On ne sait quasiment rien en France de ce morceau d’histoire. Mais la renommée de cet acte n’est pas immense non plus chez nos voisins. D’où la volonté de Sylvestre Sbille d’y revenir : « Cet acte n’est pas aussi connu qu’il pourrait l’être. Malheureusement il n’y a pas de grande statue ou de grand boulevard au nom de ces trois résistants (…). On croit toujours que c’est une histoire inventée, mais c’est bien la réalité historique. Ces trois jeunes hommes ont attaqué ce train, et toute une série de gens ont réussi à sauter avant la frontière allemande. »

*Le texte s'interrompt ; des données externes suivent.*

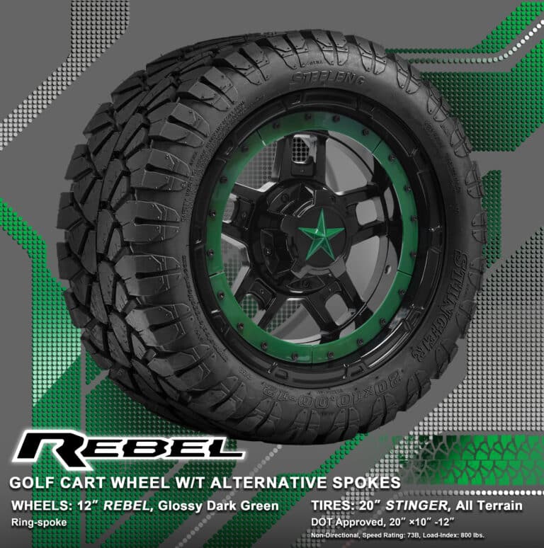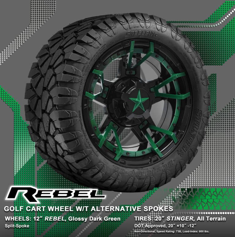 BNDL-TR1204-WH1251-WIRB31-LN0002 – SGC 12″ REBEL Glossy Black Wheel – Aluminum Alloy / STEELENG 20″x10″-12″ STINGER All Terrain Tire DOT approved / REBEL Inserts-Split Spoke-Glossy Dark Green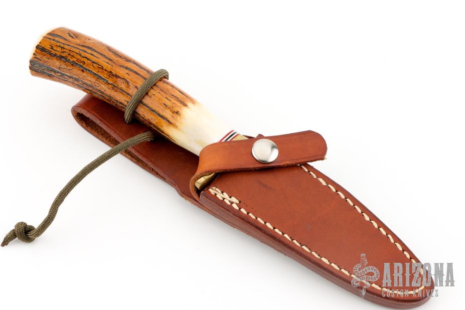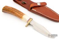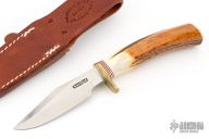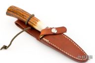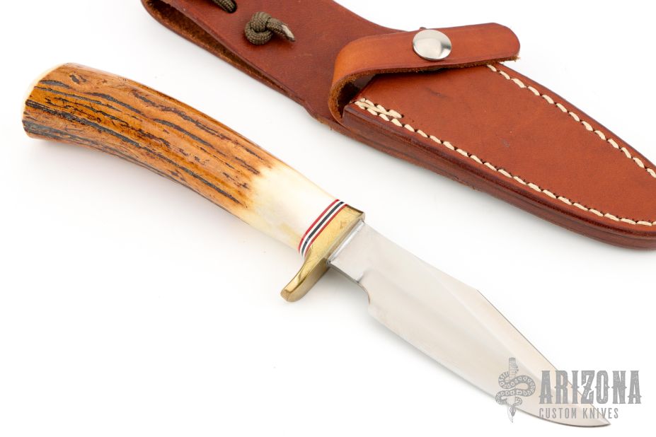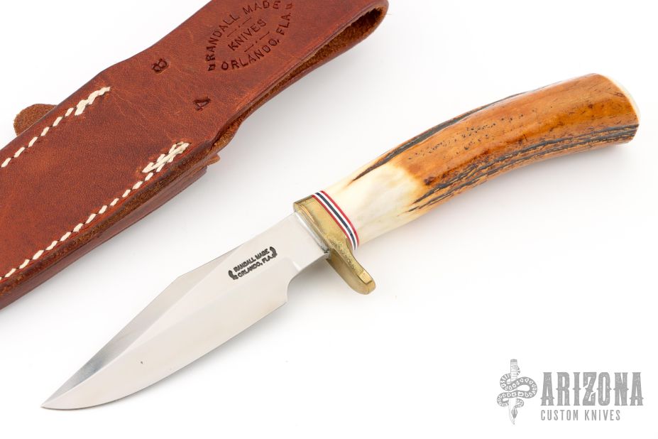 This Model 8-4 by Randall Made Knives features a satin finished blade with sharpened top edge, .148" blade thickness, 1.083" blade depth, hidden tang construction. Especially suitable for small fish and feathered game. Brass guard and stag grip with red/white/blue spacers. Comes with a brown leather sheath. Excellent condition.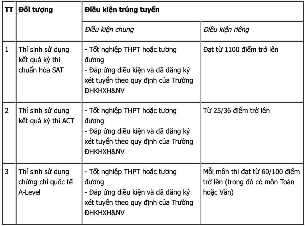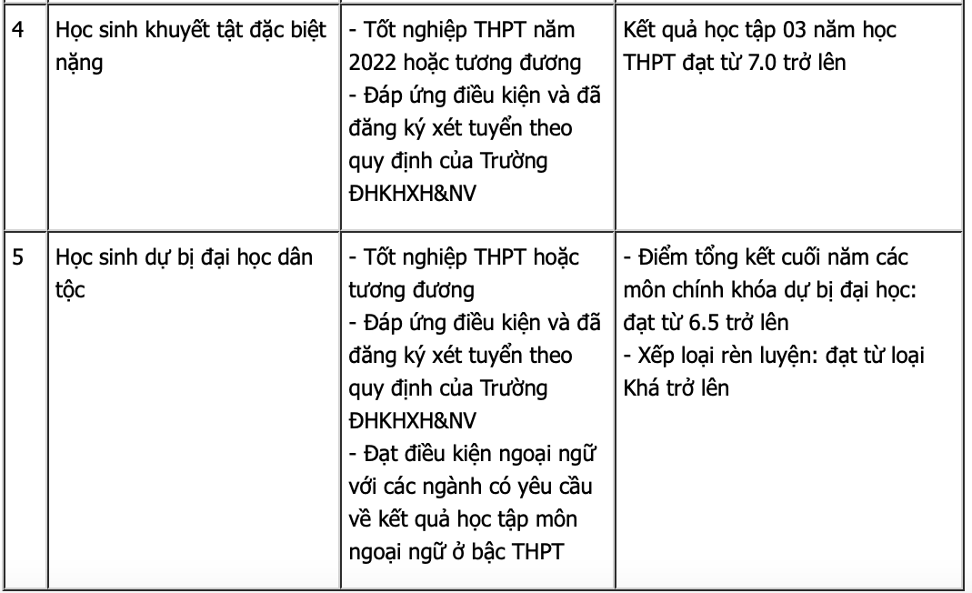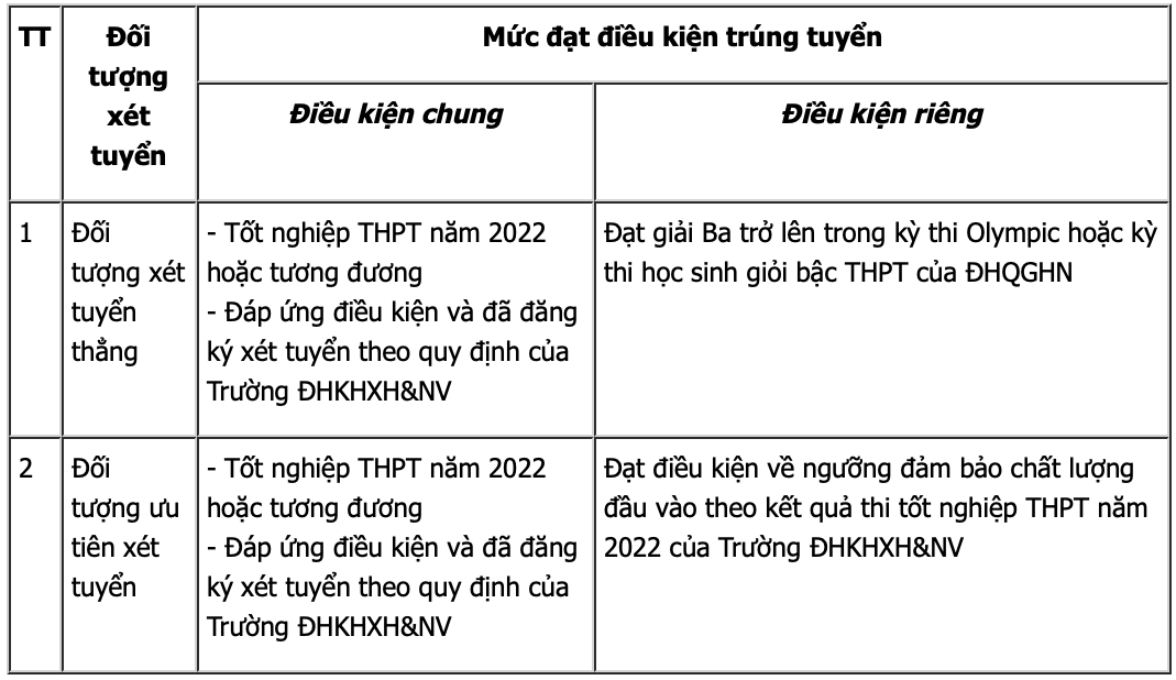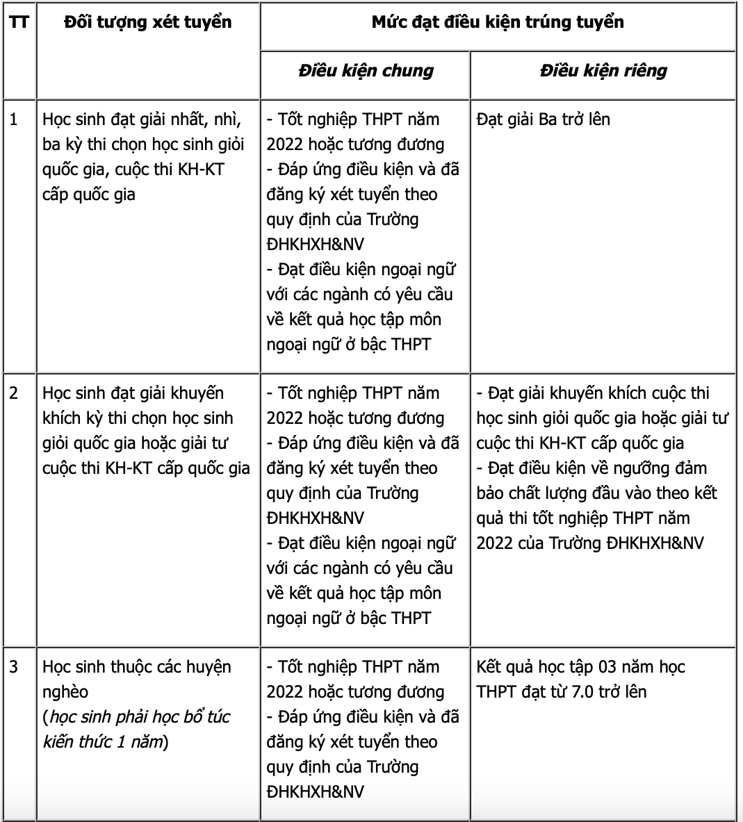 - Đáp ứng điều kiện (điểm ngoại ngữ, điểm thi tổ hợp 2 môn tốt nghiệp THPT năm 2022) và đã đăng ký xét tuyển theo quy định của Trường ĐHKHXH&NV.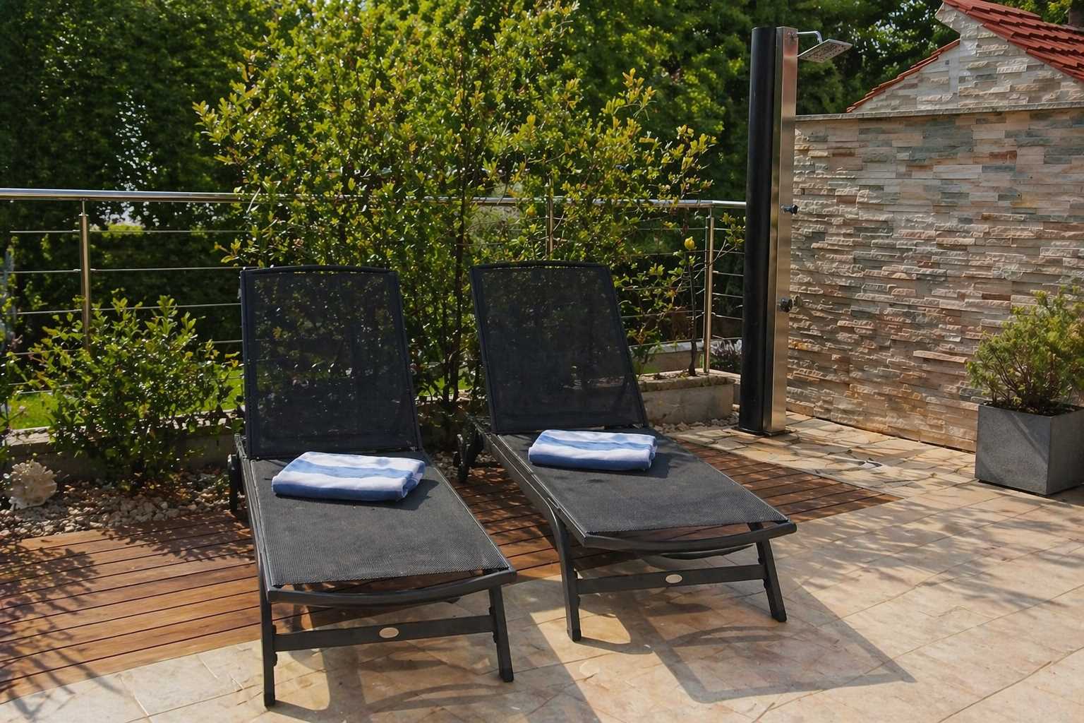 The highlight of the apartment is the spacious, shaded terrace, complete with a table for multiple people, a grill, and a counter with a sink for preparing fresh seafood. The centerpiece of the terrace is the heated jacuzzi, where you can relax in complete privacy while enjoying the greenery. Additional amenities include air conditioning, mosquito nets, blinds, bed linen, towels, and a private parking space by the house, ensuring comfort and security.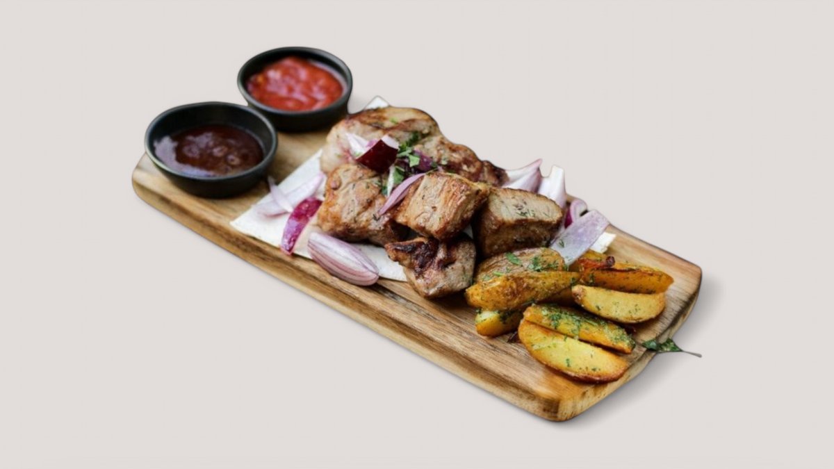 Schweinefleisch-Schaschlik mit rustikalen Kartoffeln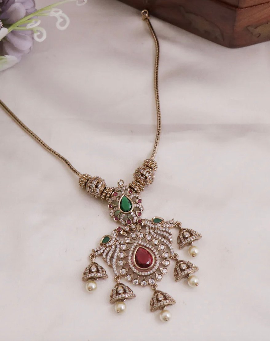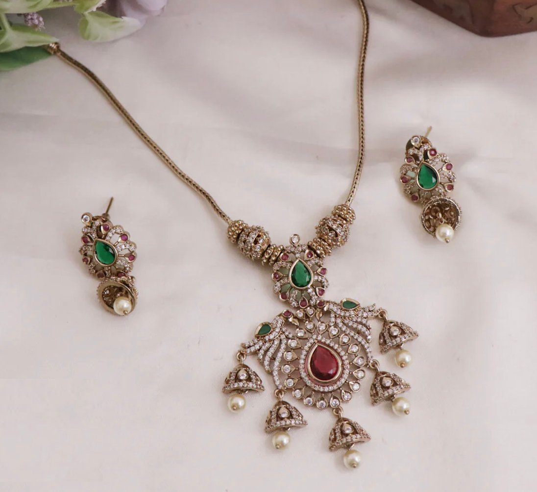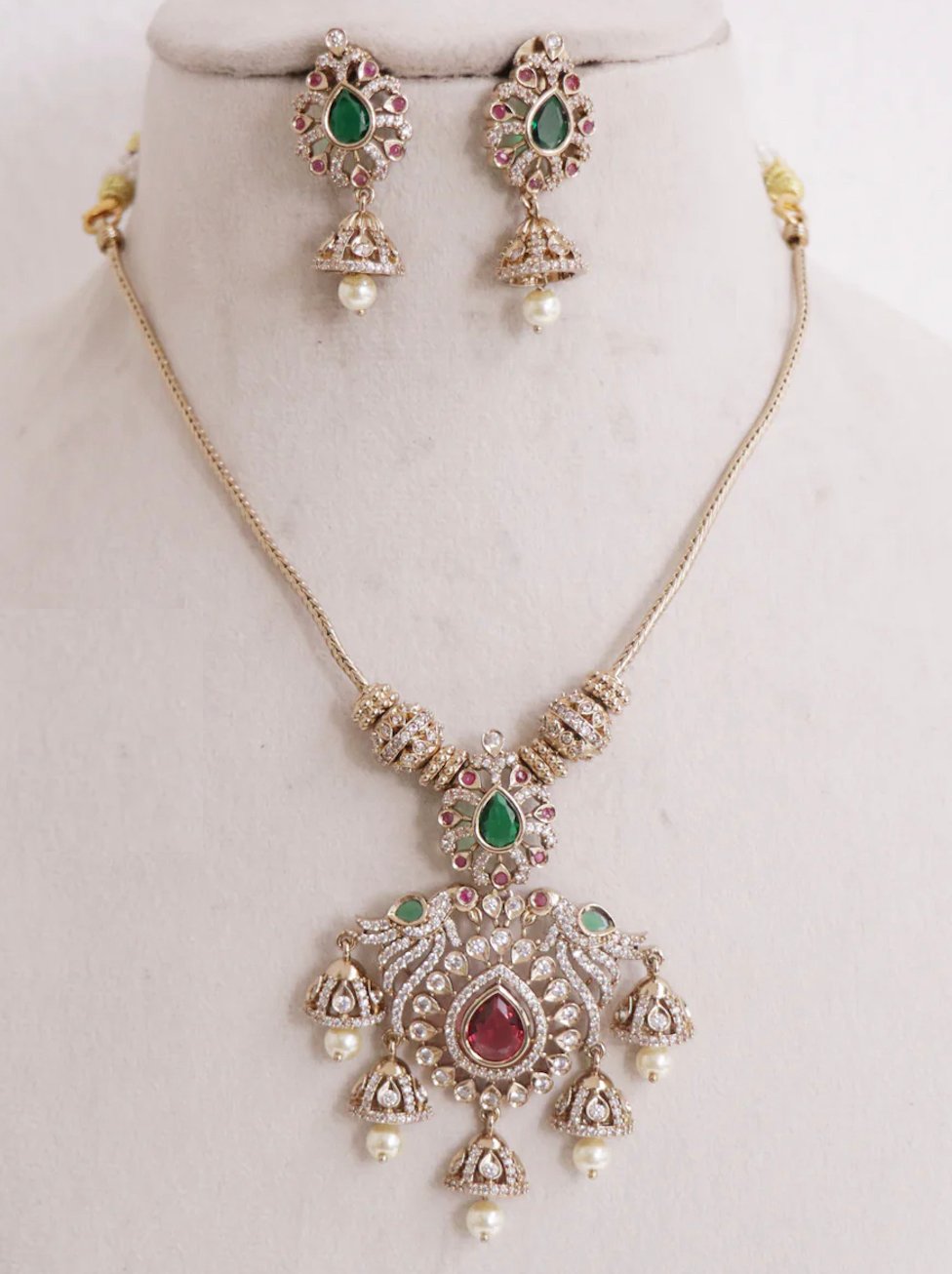 Short Victorian Cubic Zirconia Peacock Necklace with Mini Jhumkas
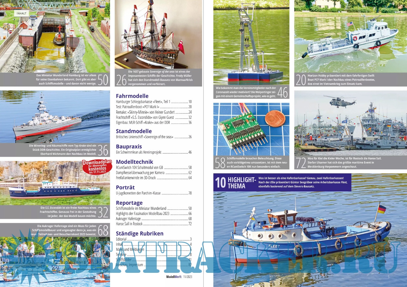 Year: 2023 Language: german Author: Eric Schafenrort (Redaktor) Genre: Periodical (magazine) Format: PDF Quality: eBook Pages count: 84 Description: Das führende Fachmagazin für Schiffsmodellbauer. Egal ob Stand- oder Fahrmodell, ob kleines Segelboot oder gigantisches Kreuzfahrtschiff. Die Modellwerft informiert über Neuheiten, hilft mit Bautipps und fasziniert mit besonderen Reportagen.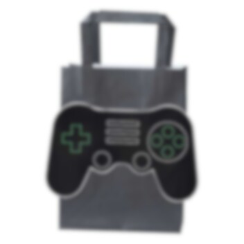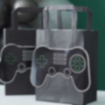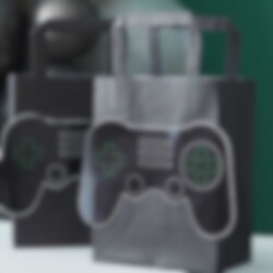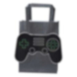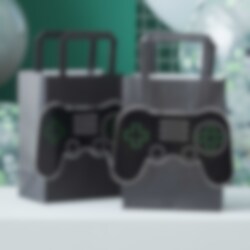 5 Geschenktüten aus Papier in schwarzer Farbe mit 3D-Motiven von schwarzen Gamecontrollern auf der Außenseite. Füllen Sie diese Taschen mit etwas Gutem und einer Überraschung und geben Sie die Taschen Ihren Gästen auf der Party. Die Geschenktüten sind ohne Henkel etwa 20 x 15 cm groß.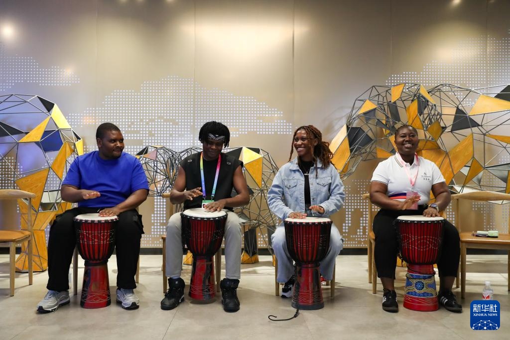 6月12日,在长沙的中非经贸博览会常设展馆,非洲籍志愿者打手鼓欢迎来访的客人。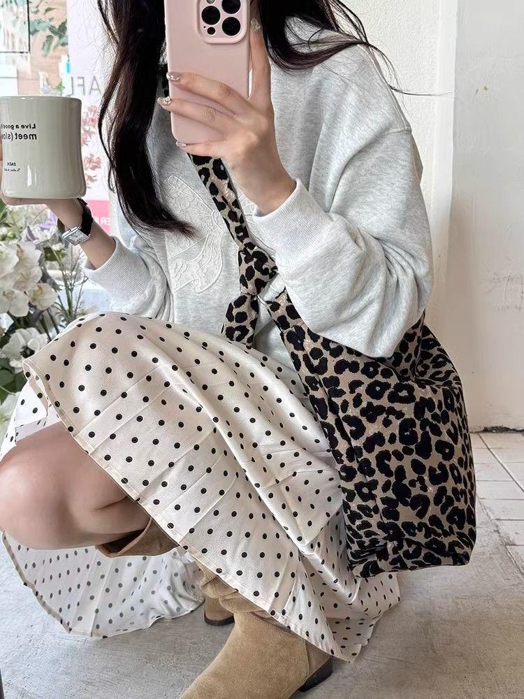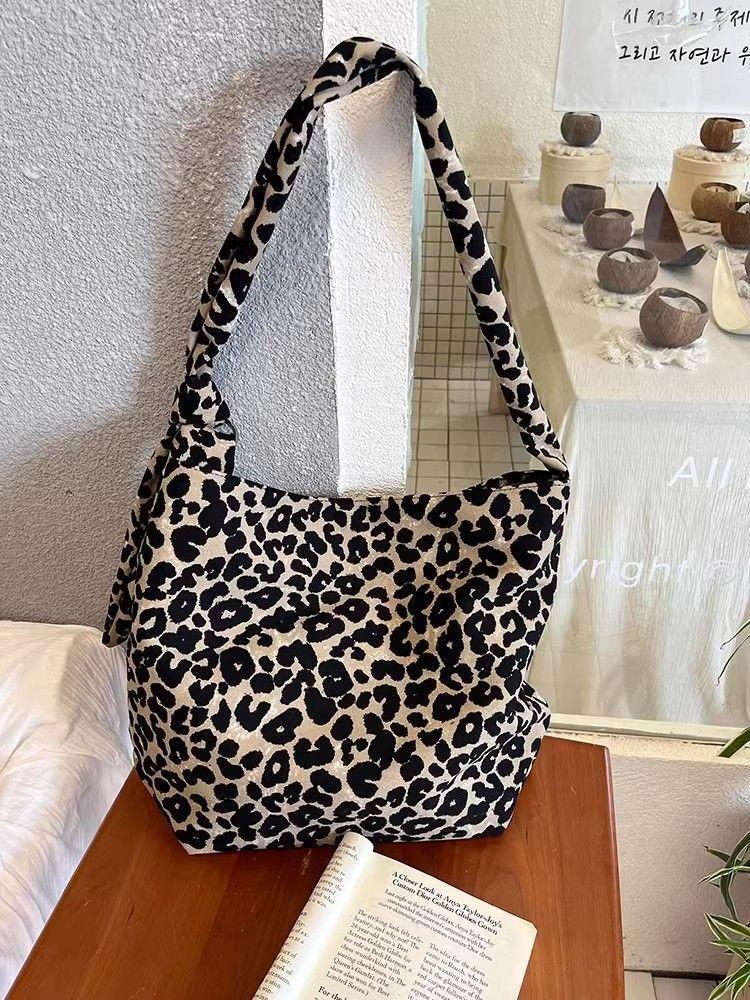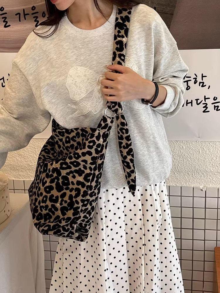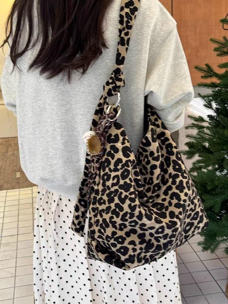 Bolso de lona con estampado de leopardo estilo coreano para mujer, bandolera de gran capacidad para otoño e invierno, ideal para estudiantes universitarios y estudiantes de clase.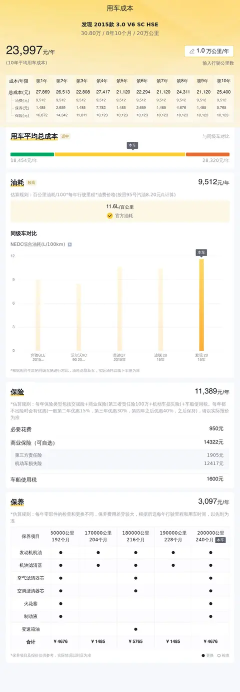 这款车系的用车成本包括:年均油耗9512元/年,官方油耗11.6L/百公里,年均保险费11389元/年,年均保养费3097元/年,十年平均用车成本23997元/年。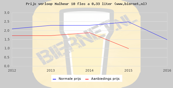De gemiddelde prijs van een fles á 0,33 liter van Malheur 10 is €3,28 (€9,94 per liter). De gemiddelde prijs van Malheur 10 in de winkel is €9,94 per liter.

Reste la question de savoir si l’on n’a pas déjà tout dit concernant ces heures sombres. Non, bien sûr. Et Sylvestre Sbille a voulu insister sur la pulsion de vie des trois jeunes résistants : « C’est la force, la jeunesse de ces trois gars qui partent sur des vélos avec un pistolet avec sept balles et qui partent vers l’exploit impossible d’arrêter ce train en direction de la mort. Ces gars-là étaient plein de vie, ils étaient très drôles, on imagine un jeune Boris Vian, c’était des zazous, c’était des gens qui aimaient le jazz et qui avaient décidé de ne pas se laisser marcher ni sur les pieds ni sur la tête. »

J’Écris Ton Nom, paru chez Belfond, est donc l’histoire d’un acte de résistance fou, qui a sauvé la vie de 153 personnes et qui méritait bien un travail de mémoire.